See, 'cause you are looking like you're snooping.

But let's operate under the assumption that you are completely, 100% innocent here and somehow the packet was opened and, oops, the image fell out and you knew it was at the bottom of the stack, etc.

So how about trying this tack instead?

Honey, I was thinking, you've got that stack of photos by your bed, have you ever thought about framing some of them, or of putting them into albums?

Of course he's not going to frame the image or put it into an album, but it will clue him in that the stuff is there and he should probably do something about it. And then you'll see what he does with the knowledge that you, perhaps, have a suspicion of something.

Or you could take a less passive-aggressive route and ask him.

Honey, I came across the picture of your late wife in the stack by your bed. I'm sorry that I looked, but I did. We can both agree that she was a beautiful woman. But I hope you can understand that this is of some concern to me. Are you unhappy in our relationship? Is there something you need to tell me?

Will there be anger on his part? Possibly. But it's more honest.
0 Replies
 
wednesdayschild
 
  1  
Reply Sun 8 Sep, 2013 11:31 am
Just to clarify a year or so ago we went through his box of photos which were in folders in the box, I saw this photo and was ok with it, the folder went back in the box with all the other folders and the box went in the wardrobe. I went to put some money that had fallen out of his trousers into his bedside cabinet where he keeps it folded and saw this photograph folder on its own in the cabinet, its distinctive from the other folders so I knew at once it was the one with the naked picture in. It wasn't in the cabinet a few weeks ago when I last put his book away which was on the floor. So I think I did innocently find the folder. I think what bothers me most is that he's been looking at it in a sexual way, and if so, what that means about our relationship.
contrex
 
  6  
Reply Sun 8 Sep, 2013 12:11 pm
@wednesdayschild,
wednesdayschild wrote:
I think what bothers me most is that he's been looking at it in a sexual way, and if so, what that means about our relationship.


You go through his things and you're worried he finds a dead woman more sexy than you?
0 Replies
 
PUNKEY
 
  1  
Reply Sun 8 Sep, 2013 03:04 pm
This is a confusing one:

you think he is looking at naked pictures of a woman.

Oh yeah, it's of his dead wife.

What is it that you are most upset about?
0 Replies
 
tsarstepan
 
  3  
Reply Sun 8 Sep, 2013 05:34 pm
@wednesdayschild,
wednesdayschild wrote:

I think what bothers me most is that he's been looking at it in a sexual way, and if so, what that means about our relationship.

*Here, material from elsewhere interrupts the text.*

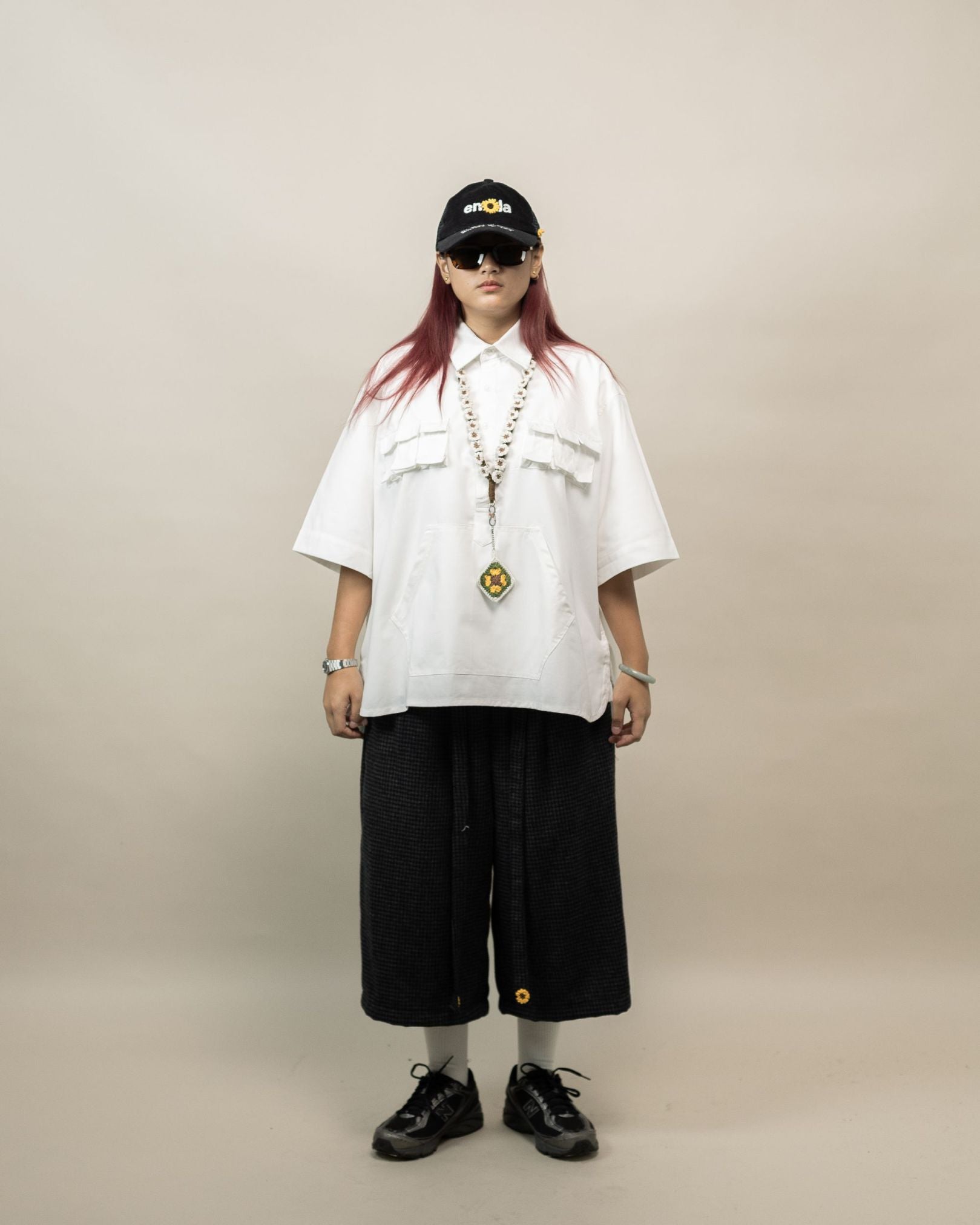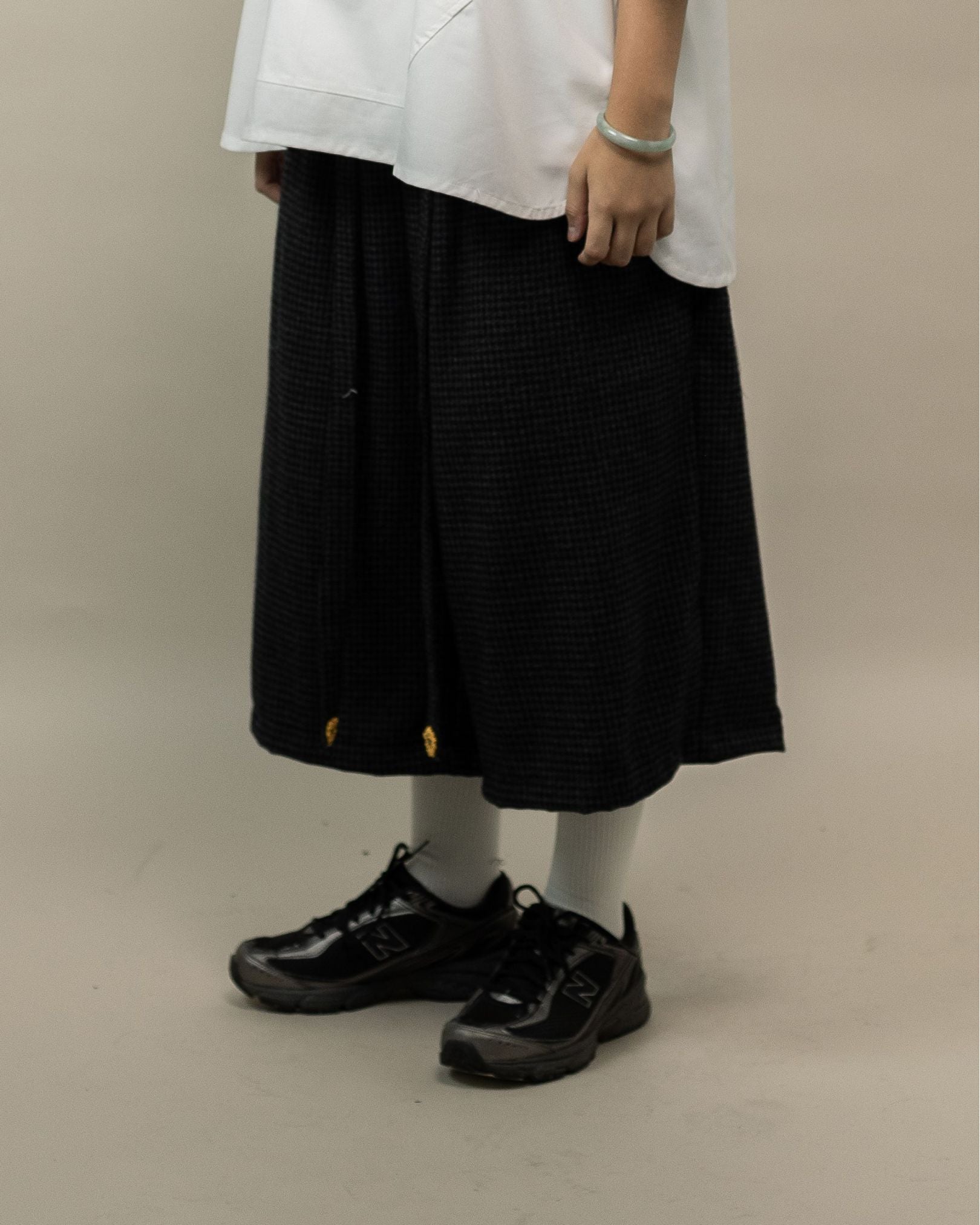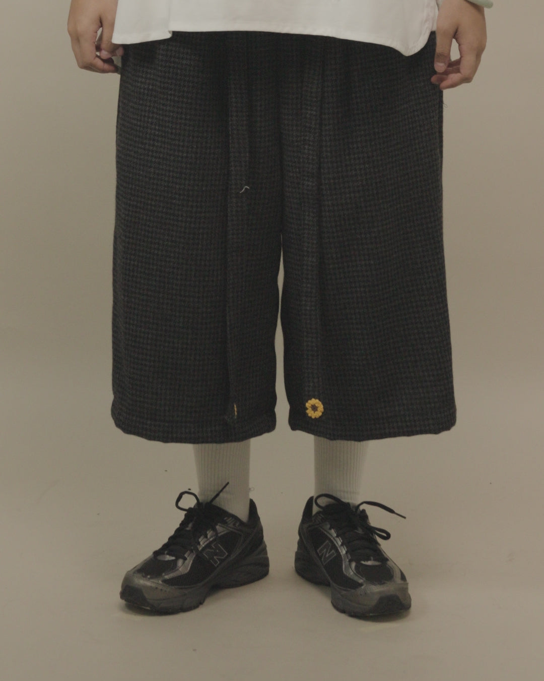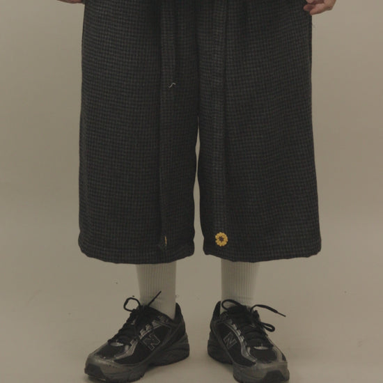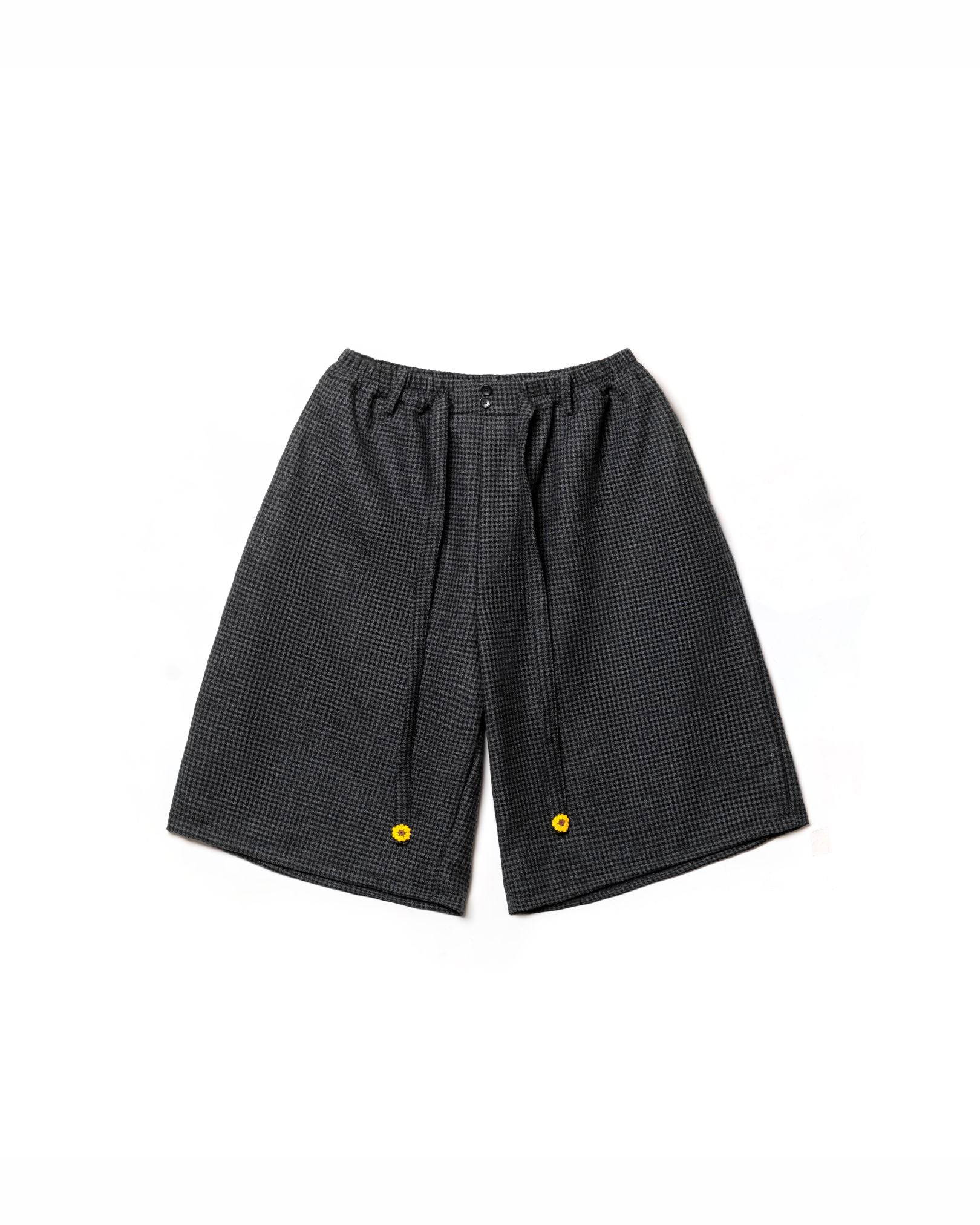 The Tororu Shorts Semi-Wool Pattern Gray are designed for relaxed everyday wear, perfect for transitional weather and effortless daily rotation. Cut in a loose straight fit with a stretch rubber waistband, they offer all-day comfort with balanced proportions. Made from semi-wool, the fabric delivers soft warmth with dependable structure. Functional seamed pockets and a Hakama Himo waist strap detail add purposeful utility, while yellow 3D OAT ‘Sunflower’ crochet embroidery on the Hakama Himo brings a signature crafted touch. Finished with a locker loop—perfect for laid-back styling with thoughtful detail.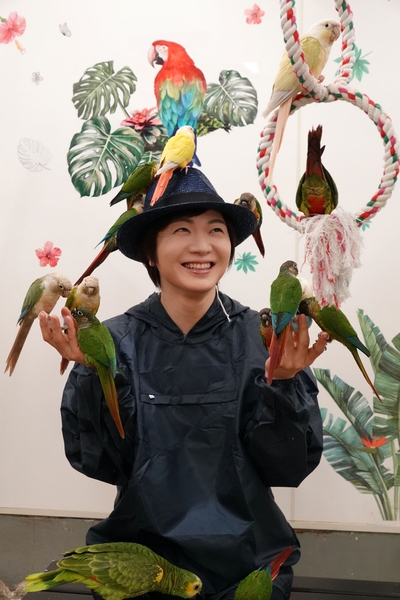 “鳥のいるカフェ 千駄木店”にはインコ・オウムをはじめとした世界中の珍しい鳥類が常時100羽以上いるという鳥好きにはたまらない新感覚のふれあいショップ。ハットをかぶり鳥と対面した竹島の頭には、見る見るうちに無数の鳥が集まり、自然と竹島の顔にも笑みが溢れた。途中、竹島が手にした餌のトウモロコシを鳥たちが奪い合い争うハプニングも。

It means he's human as he misses and still loves his deceased wife. It's only natural.

Would you rather your boyfriend was a sociopath who can turn off and on his emotions with someone he loved for years? Wow! Rolling Eyes

Quote:
So I think I did innocently find the folder. [/quote
Keep saying that to yourself. Use it as a mantra. But don't be disappointed when no one believes you.
ossobuco
 
  5  
Reply Sun 8 Sep, 2013 05:57 pm
@tsarstepan,
Yes, I agree, Tsar. People love people they loved before, at least some of the time, and that is mostly healthy. Or not, as the case may be.

We don't know anything - his wife could have been his first experience with actual love in all its forms. Or his first experience with wonderful sex. Her photo is probably a comfort. And yes, maybe a turn on. Or maybe more complicated.

Maybe that was fifteen years ago and he needs to move on, but still, it may be a kind of consolation. There's a famous piece by Lizst called Consolation (probably not about the exact same thing).
A year ago - if he lost her only a year ago, get over yourself, as Tsar says.

I get you may have just been alert to all this, the folder color! but it is his bedroom side table.
Get the **** out of it. You do not own him or his every thought or movement.

0 Replies
 
PUNKEY
 
  -1  
Reply Mon 9 Sep, 2013 01:00 pm
I think that widows/widowers who bring other sex partners into their bedrooms ought to remove all reminders of the deceased spouse - pictures, etc.

It sounds like he had these pictures in a cabinet or at least put away.

She should back away from this entire incident.

0 Replies
 
Ragman
 
  3  
Reply Mon 9 Sep, 2013 02:22 pm
@wednesdayschild,
You've illogically linked his temporary (?) erectile dysfunction without any solid reason to his keepsake photo of his ex wife in the nude. I've no idea why. Are you having self-confidence issues? Does he suffer from this often?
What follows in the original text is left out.